投稿: ちょんだん! こぶぎ | 2013年8月21日 (水) 22時39分
なるほど、たしかにあのとき、분이(ブンニ、「~の方が」の意味)という言葉を多用していました。「ブンニ」が「ブンリ」に聞こえた可能性は、十分に考えられます。しかし、「ハンサムな方が」と言われた記憶はありません。
いま思い出したのですが、学生の一人に、「今どこの大学に通っているんですか?」と質問したときに、その学生と、こんなやりとりをしました。
「とんぎょんえそぬん むすんてはくえ たにご いっそよ?」
「せいぶぶんり てはくよ」
「せいぶぶんり てはく?」
「ねー。さいたまえ いんぬん」
「さいたまえ いんぬん せいぶぶんり てはくよ?」
「ねー。せいぶぶんりてはくよ」
ひょっとしたら「せいぶぶんり てはく」の「せいぶぶんり」が、「セイキョウブンリ」に聞こえたのかもしれません。
…というか、そうに違いない!
投稿: onigawaragonzou | 2013年8月21日 (水) 23時04分
えー、これじゃフツーの通りすがりの会話ですわん。お互い敬語のやりとりですし。イケメン自慢トークじゃなかったの?

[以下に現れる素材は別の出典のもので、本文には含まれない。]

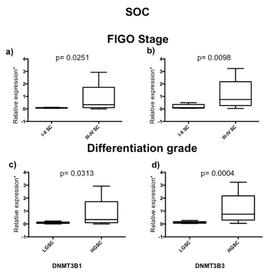 DNMT3B1 and DNMT3B3 expression according to grade and clinical stages in serous ovarian carcinoma (SOC). DNMT3B isoforms’ expression in serous ovarian carcinoma (n = 27): LGSOC (low-grade serous carcinoma) (n = 6) versus HGSOC (high-grade ovarian carcinoma) (n = 21) and stages I–II (early disease stages) (n = 6) versus stages III–IV (advanced stages) (n = 21). DNMT3B1: (a) grade and (c) stage, and DNMT3B3: (b) grade and (d) stage. Assays were normalized with GAPDH expression in each case and ten controls of the normal ovary. Mann–Whitney U test was used. * 1 + log-transformed.
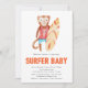 Cute baby shower invitations featuring a painted watercolor monkey holding a surf board with "Surfer Baby" in bold orange typography. Personalise the surfer theme baby shower invitations by adding the mother's name and shower details.
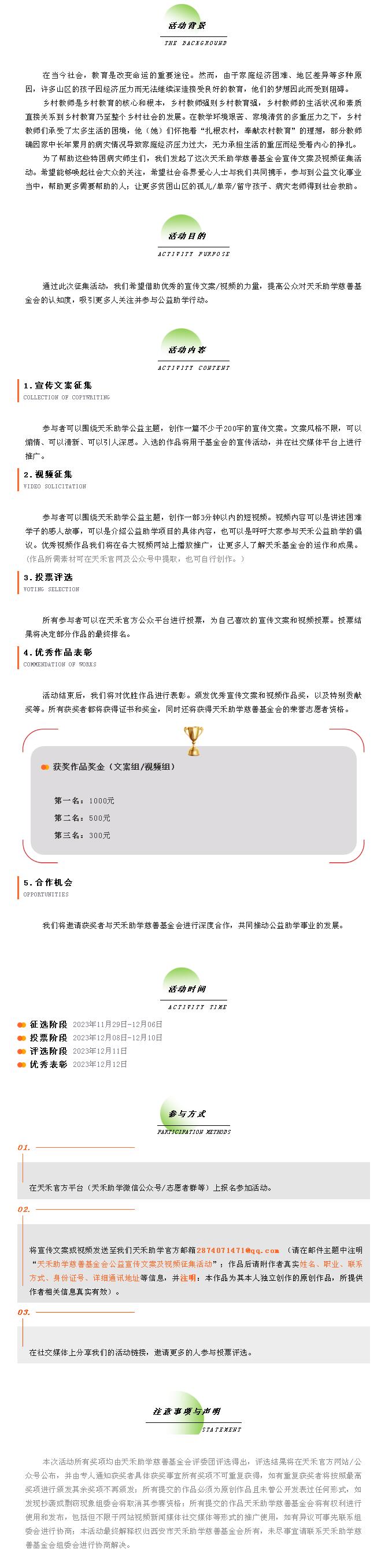 西安市天禾助学慈善基金会 | 公益宣传文案、视频作品征集大赛

さて、明日も「美術館の隣の図書館」へ通いますから、もう寝ますよ。美術館の方へも行ってみたんですが、志のある企画展ですし、料金も800円と安いので、何度でも見に行けます。来月までやっていますので、時間があればぜひ。
あとねえ、「アダム12」の流れで往時のアメリカ製ドラマ・アニメのネタで、エンディング曲を探して見たんですが、英語のオリジナル動画を見てみると、そもそもアチラさんには「エンディング曲」なんて概念がないようで。
あってもオープニングとエンディングが同じ曲だったり(アダム12、世界の料理ショー)、
映画みたいな「クレジット」だけだったり(トムとジェリー)
エピソードによって最後に流れる曲が違ったり(刑事コロンボ)、
そもそもオープニング曲自体、日本放映時に付け加えたものだったり(チキチキマシーン猛レース)。
ちなみに「奥様は魔女」のオープニング曲は英語版でもあの曲ですが当然、例の「奥様の名前は..」の名ナレーションはついてません。
たぶん、日本でドラマテーマ曲のレコードを出すようになった折、レコードのB面が余ってしまうので、オープニングとエンディングを別にして、2曲収録するようになったのでは?
というわけで、ネタになりませんでしたので、この場を借りてご報告申し上げます。